▶ [WORK TO BE COMPLETED]: Restate all the entries exactly as they appear, apart from the pictures.
Segment Start: RECORDS FOR THE EXERCISE
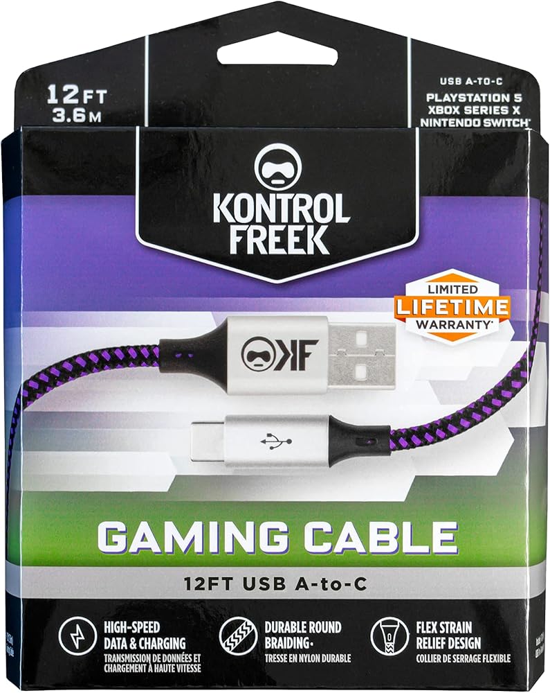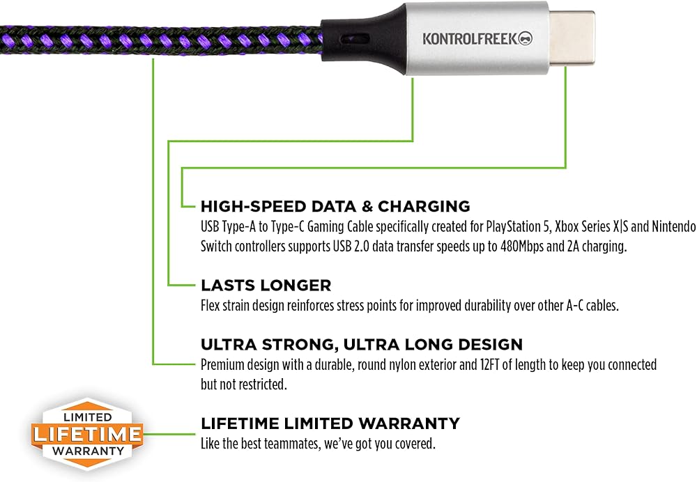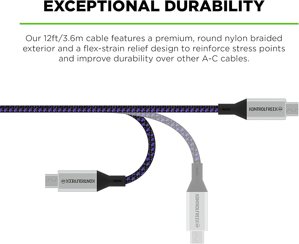 كابل KontrolFreek USB من النوع A إلى USB من النوع C بطول 12 قدم (3.6 متر) فائق القوة، وسلك شاحن USB A-C متوافق مع بلاي ستيشن 5، وإكس بوكس سيريز X|S، ونينتندو سويتش، وS10/S10e/S9/S8، ونوت 10 9 8 بلس/S8+
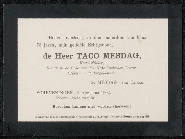 Curator: What strikes you first about this small, framed textile at the Rijksmuseum, an item titled “Overlijdensbericht aan Philip Zilcken,” thought to have been made between 1915 and 1917? Editor: An announcement, pure and simple, framed like a miniature portrait. It feels so formal, almost severe, yet intimate. Like a pressed flower between the pages of a favorite book. Melancholy. Curator: Indeed. This "Overlijdensbericht," or death announcement, is an artifact of social custom. Think about the historical context: It reveals how the passing of Hendrik Willem Mesdag was communicated to someone within his social circle, in this case, Philip Zilcken. It tells us a lot about status and ceremony, don't you think? Editor: Absolutely. "Commander in the Order of the Netherlands Lion," "Knight Grand Cross in the Order of Orange Nassau"...all those titles! But, the choice of typeface, the placement of text, all that contributes to a powerful impact. And is this typography woven, maybe on a Jacquard loom, more of an intricate portrait of bereavement than merely a piece of printed communication. The tangible weight of paper and thread amplifies a moment in time. Curator: Right. The format itself – a printed card mounted on textile – elevated it. It transformed the message into a keepsake, or perhaps, as we would interpret it today, even art. How the public and private spheres intermingled becomes interesting. Consider that this would have been a common form of public announcement, yet individually sent and received. Editor: A somber elegance. Like a whisper preserved. What do you make of the very deliberate formality, the titles all proudly mentioned. It reads like a life carefully lived according to duty. The choice to weave is also really fascinating, considering how textiles tend to have more longevity than, say, photographs. It makes it appear that a family wanted to communicate about the passing of an important person on long-lasting materials. Curator: In closing, looking at it today offers a glimpse into a world valuing legacy, formality, and social connections quite unlike ours, don't you agree? Editor: A poignant reminder of how we mark loss. The threads of time bind us all, even across centuries.
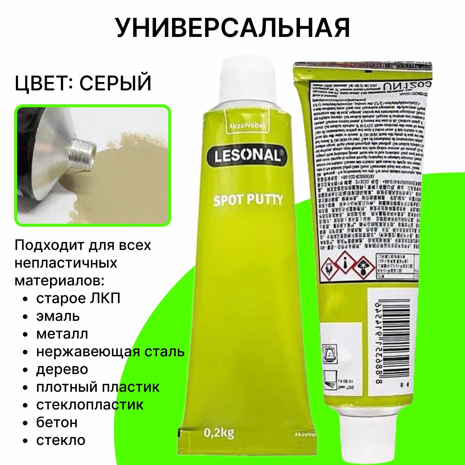 Шпатлевка однокомпонентная тюбик 200мл, Lesonal автошпатлевка универсальная для ремонта кузова, цвет: серый интересное:
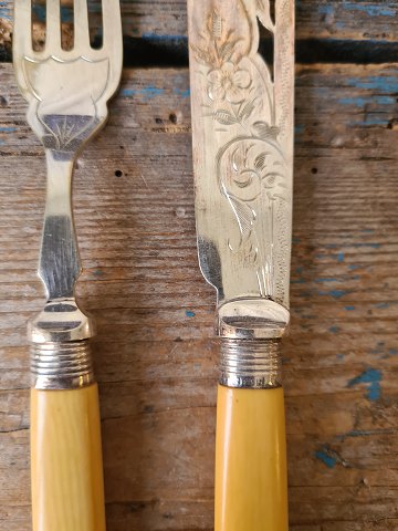 English silver-plated fish cutlery with bone handle for six people in original spoon.
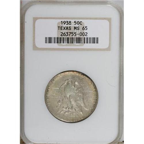 <B>1938 50C Texas MS65 NGC.</B></I> NGC Census: (291/222). PCGS Population (341/192). Mintage: 3,780. Numismedia Wsl. Price for NGC/PCGS coin in MS65: $400. (#9394)<BR><BR><b>Shipping:</b> Coins & Currency (<a target="_blank" href="http://www.heritageauctions.com/common/shipping.php">view shipping information</a>)
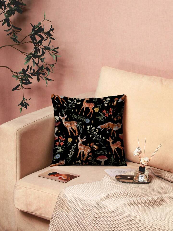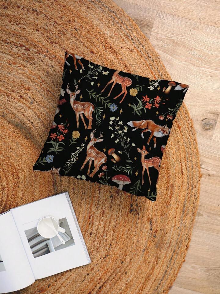 Fairycore 1 Stück handgezeichneter, süßer Hirsch & Blumen Muster Kissenbezug, bedruckter quadratischer Samtbezug, geeignet für Wohnzimmer, Schlafzimmer, Heimdekoration, Sofa, Auto, ganzjährig
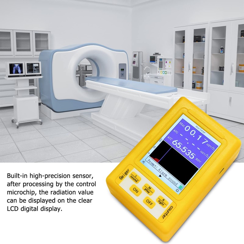 • Built-in high-precision sensor, after processing by the control microchip, the radiation value can be displayed on the clear LCD digital display.
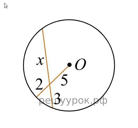 нужно просто "продлить" радиус до диаметра, и потом использовать свойство хорд окружности: 2*(5+7)=х*3
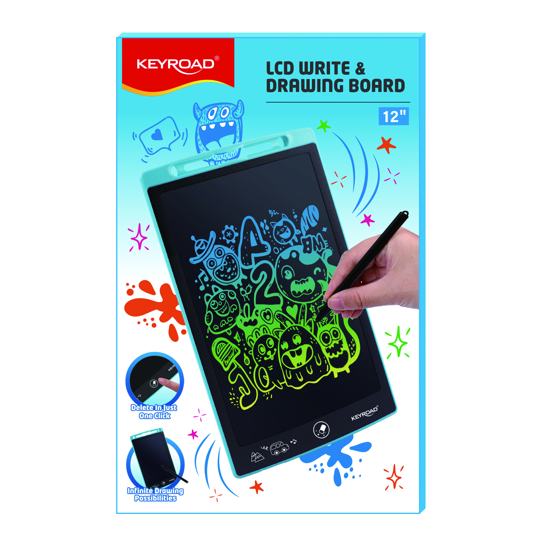 Vaikiška piešimo lenta Keyroad 12″ splavotos spalvos LCD
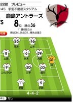 鹿島は鳥栖よりわずかに多い31失点。前節は逆転勝ちしたものの、開始13分までに苦手のセットプレーからなどで2失点。3試合連続で2失点しており、こちらはネガティブな印象の方が強い。
Segment End: RECORDS FOR THE EXERCISE
▶ [SOLUTION TO THIS EXERCISE]:
 كابل KontrolFreek USB من النوع A إلى USB من النوع C بطول 12 قدم (3.6 متر) فائق القوة، وسلك شاحن USB A-C متوافق مع بلاي ستيشن 5، وإكس بوكس سيريز X|S، ونينتندو سويتش، وS10/S10e/S9/S8، ونوت 10 9 8 بلس/S8+
 Curator: What strikes you first about this small, framed textile at the Rijksmuseum, an item titled “Overlijdensbericht aan Philip Zilcken,” thought to have been made between 1915 and 1917? Editor: An announcement, pure and simple, framed like a miniature portrait. It feels so formal, almost severe, yet intimate. Like a pressed flower between the pages of a favorite book. Melancholy. Curator: Indeed. This "Overlijdensbericht," or death announcement, is an artifact of social custom. Think about the historical context: It reveals how the passing of Hendrik Willem Mesdag was communicated to someone within his social circle, in this case, Philip Zilcken. It tells us a lot about status and ceremony, don't you think? Editor: Absolutely. "Commander in the Order of the Netherlands Lion," "Knight Grand Cross in the Order of Orange Nassau"...all those titles! But, the choice of typeface, the placement of text, all that contributes to a powerful impact. And is this typography woven, maybe on a Jacquard loom, more of an intricate portrait of bereavement than merely a piece of printed communication. The tangible weight of paper and thread amplifies a moment in time. Curator: Right. The format itself – a printed card mounted on textile – elevated it. It transformed the message into a keepsake, or perhaps, as we would interpret it today, even art. How the public and private spheres intermingled becomes interesting. Consider that this would have been a common form of public announcement, yet individually sent and received. Editor: A somber elegance. Like a whisper preserved. What do you make of the very deliberate formality, the titles all proudly mentioned. It reads like a life carefully lived according to duty. The choice to weave is also really fascinating, considering how textiles tend to have more longevity than, say, photographs. It makes it appear that a family wanted to communicate about the passing of an important person on long-lasting materials. Curator: In closing, looking at it today offers a glimpse into a world valuing legacy, formality, and social connections quite unlike ours, don't you agree? Editor: A poignant reminder of how we mark loss. The threads of time bind us all, even across centuries.
 Шпатлевка однокомпонентная тюбик 200мл, Lesonal автошпатлевка универсальная для ремонта кузова, цвет: серый интересное:
 English silver-plated fish cutlery with bone handle for six people in original spoon.
 <B>1938 50C Texas MS65 NGC.</B></I> NGC Census: (291/222). PCGS Population (341/192). Mintage: 3,780. Numismedia Wsl. Price for NGC/PCGS coin in MS65: $400. (#9394)<BR><BR><b>Shipping:</b> Coins & Currency (<a target="_blank" href="http://www.heritageauctions.com/common/shipping.php">view shipping information</a>)
 Fairycore 1 Stück handgezeichneter, süßer Hirsch & Blumen Muster Kissenbezug, bedruckter quadratischer Samtbezug, geeignet für Wohnzimmer, Schlafzimmer, Heimdekoration, Sofa, Auto, ganzjährig
 • Built-in high-precision sensor, after processing by the control microchip, the radiation value can be displayed on the clear LCD digital display.
 нужно просто "продлить" радиус до диаметра, и потом использовать свойство хорд окружности: 2*(5+7)=х*3
 Vaikiška piešimo lenta Keyroad 12″ splavotos spalvos LCD
 鹿島は鳥栖よりわずかに多い31失点。前節は逆転勝ちしたものの、開始13分までに苦手のセットプレーからなどで2失点。3試合連続で2失点しており、こちらはネガティブな印象の方が強い。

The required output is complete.